Password encryption in encryption function

To do what you need the following code will work:

$password = md5($this->security->xss_clean($this->input->post('password')));

      

        
        
        
      

    

However, as pointed out in the comments, md5 is a very poor choice for storing passwords and should be avoided at all costs. You should also avoid sha1 and anything else that hash handles quickly. For more information, see Jeff Atwood's blog post, your password is too damned . Specifically the next part:

And for developers:

Pick your new password hash algorithms and move all your old password hashing systems much harder to compute hashes. You need hashes that are specifically designed for GPUs such as scrypt.

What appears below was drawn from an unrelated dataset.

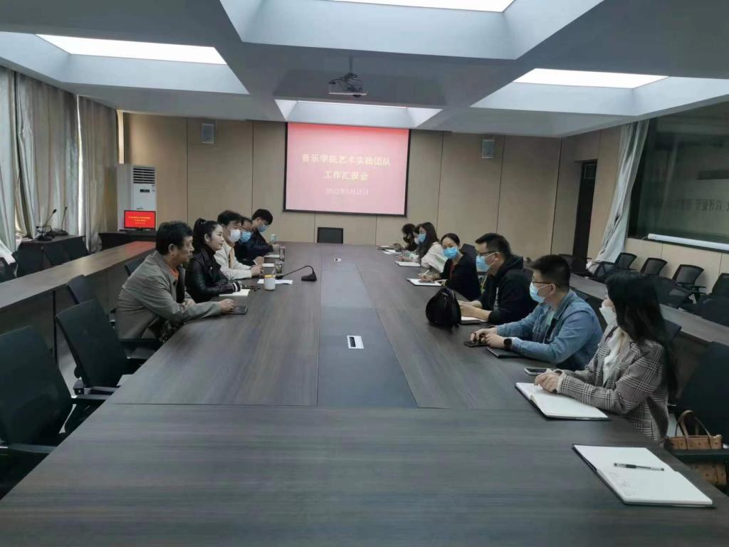 为进一步深化实践育人理念,强化实践教学,推动艺术实践工作,5月12日中午,我院在艺术楼215会议室召开了艺术实践工作汇报会。院长王凯歌、党总支书记郑山峰、教学副院长杨辉,特聘教授扎特以及各艺术实践团队的主要负责人参加了会议。会议由实验中心主任徐沛东主持。
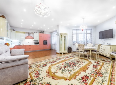 Аренда 3-комнатной квартиры площадью 110 кв.м. c ремонтом в современном стиле. Метро Университет, 1 минута пешком. Ломоносовский проспект, дом 25к5. ЖК Доминион. Кухня оборудована современной бытовой техникой Kupperbush. Квартира выполнена в тёплых светлых тонах. Квартира меблирована итальянской дорогой мебелью. Есть одно машиноместо в подземном паркинге рядом с лифтом. Планировка: кухня-гостиная, 2 спальни, постирочная, 2 санузла.

Even if you choose the "correct" hash, you may be vulnerable if your work factor is not high enough. Matsano recommends the following:

scrypt: N = 2 ^ 14, r = 8, p = 1

bcrypt: cost = 11

PBKDF2 with SHA256: iterations = 86,000

But these are only recommendations; you have to scale the hashing to what is available and reasonable on your servers or devices. For example, we had a small denial of service in Discourse where we allowed people to enter up to 20,000 character passwords in the login form and calculate the hash on that which took, uh ... a few seconds.

The post also describes how quickly password cracking attempts can be made for any given hashing algorithm (attempts per second)

• NTLM = 350,000,000,000
• MD5 = 180,000,000,000
• SHA1 = 63,000,000,000
• SHA512Crypt = 364,000
• bCrypt = 71,000

Obviously, the fewer attempts per second that can be made, the longer it takes to break the hash.

With this in mind, please rethink your hashing choice for your application and make it sensible hashing for passwords.